- [Task prompt]: Skip the pictures. Retype exactly, and only, the lines between the line holding "72895653 Innsbruck Weinhaus" and the last line below, inclusive.

- [Data for analysis]:

• • • • •

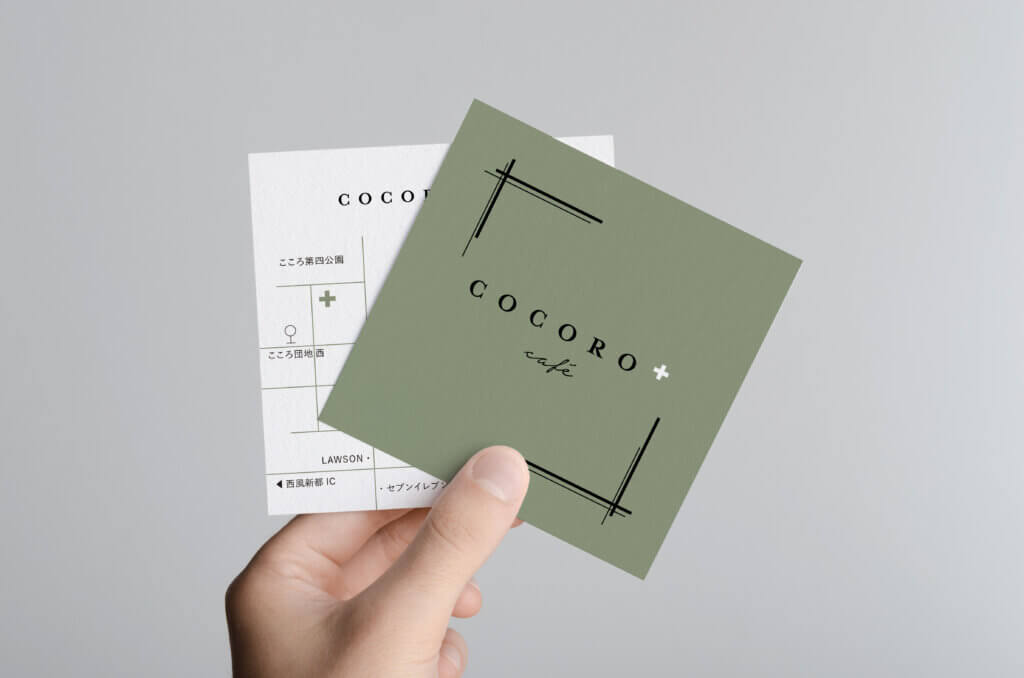 We created the logo branding for Kokoro Plus Cafe, a detached cafe located in a corner of the Nishifu Shinto Kokoro housing complex in Hiroshima.
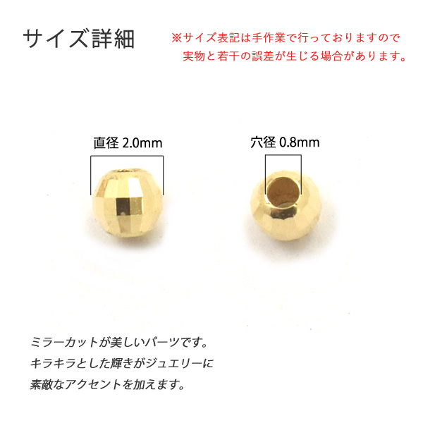 アクセサリーパーツ K18 ライトミラーボール 2.0mm 1個 バラ売り 金18 パーツ 手作りアクセサリー 素材 手芸 スペーサー ネックレス ブレスレット ピアス メタルビーズ メタルパーツ
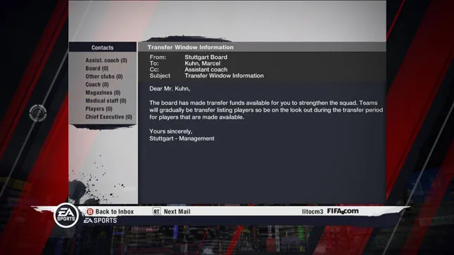 Когда я перехожу к следующему матчу, приходят письма от совета директоров. Он дает мне задание на сезон (закончить сезон на 6-м месте) и информирует меня о ситуации на трансферном рынке.
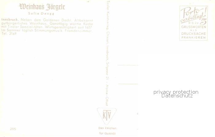 72895653 Innsbruck Weinhaus Joergele Goldenes Dachl postalisch nicht gelaufen Erhaltung siehe scans [WerneD78] KatCode: 11390332070101
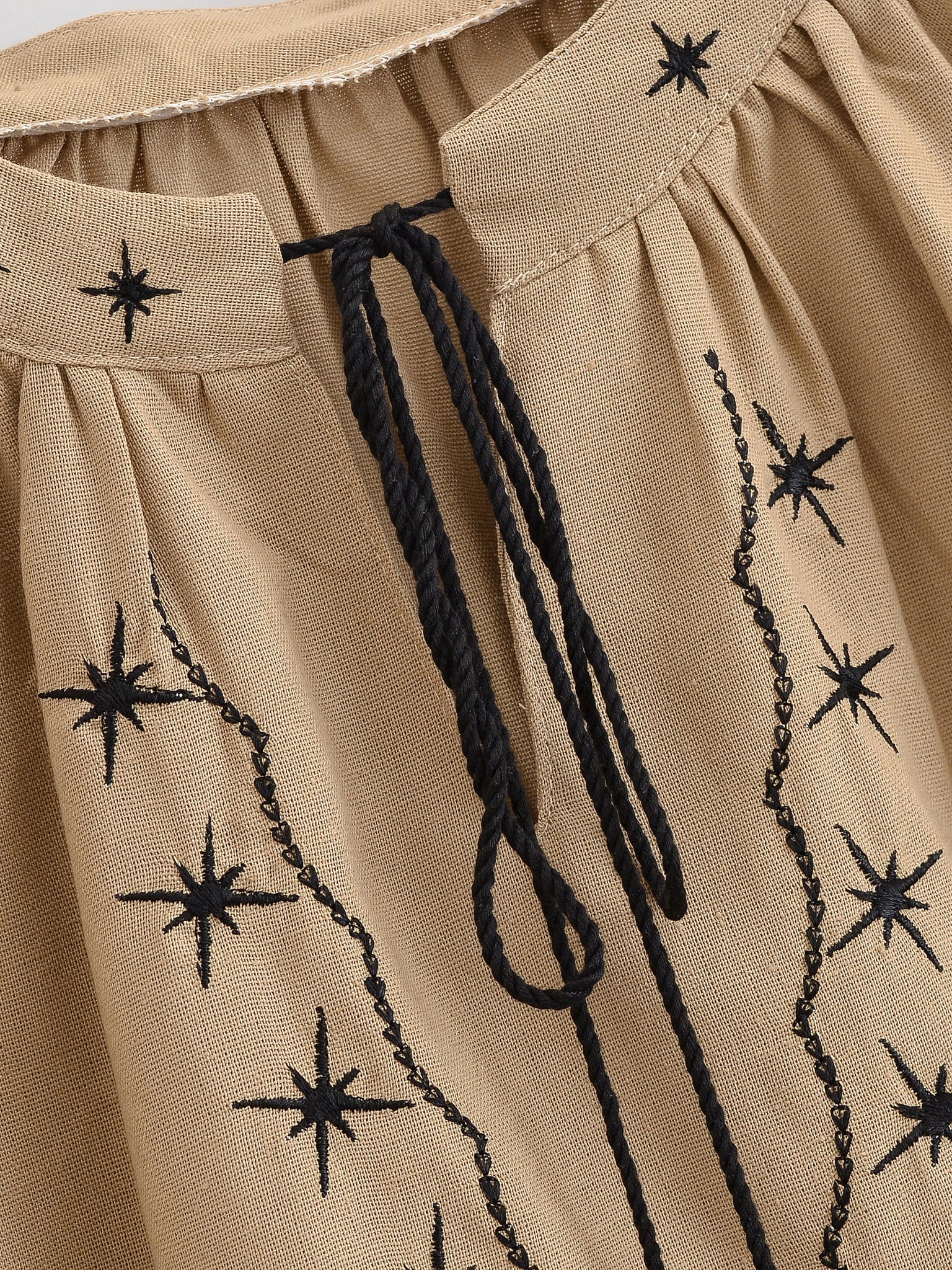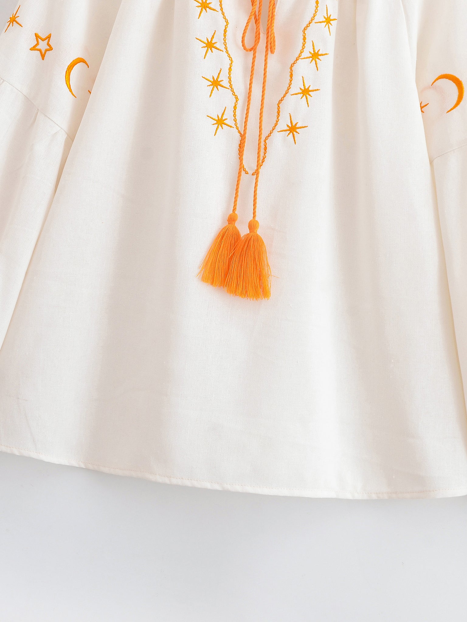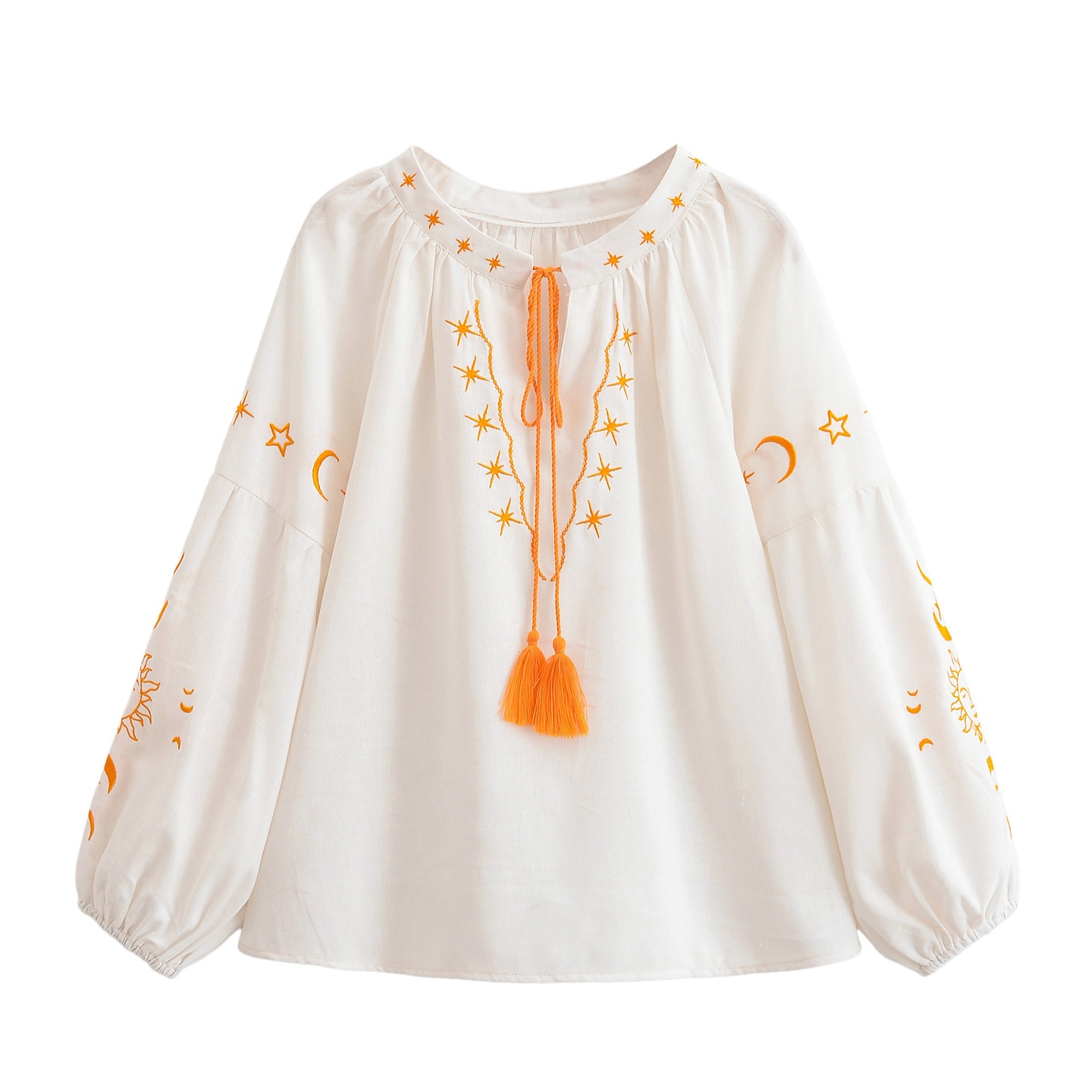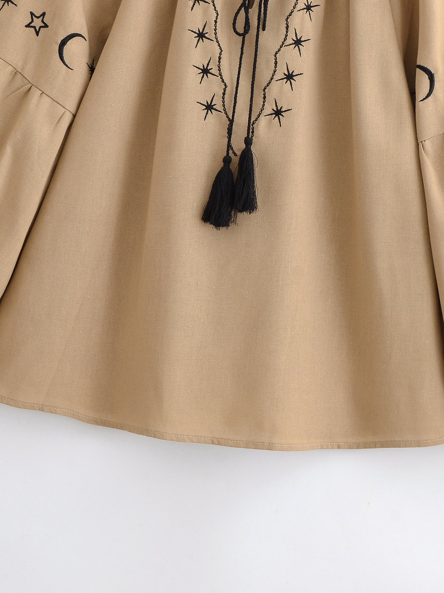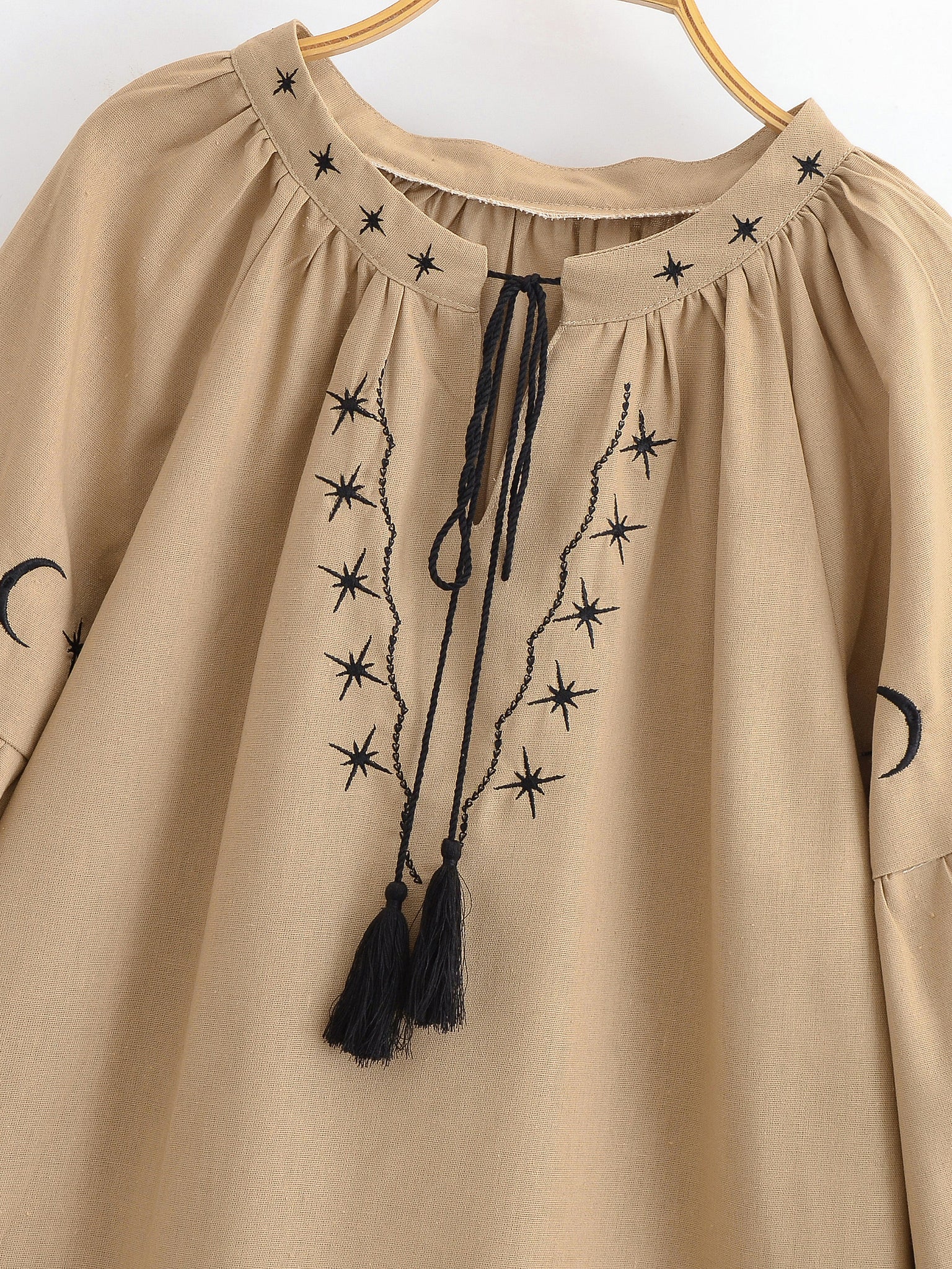 Star Moon Embroidery, Linen Cotton Blouse,Lace-up Tassel Boho Shirts

• • • • •

- [Your response]:
 72895653 Innsbruck Weinhaus Joergele Goldenes Dachl postalisch nicht gelaufen Erhaltung siehe scans [WerneD78] KatCode: 11390332070101
 Star Moon Embroidery, Linen Cotton Blouse,Lace-up Tassel Boho Shirts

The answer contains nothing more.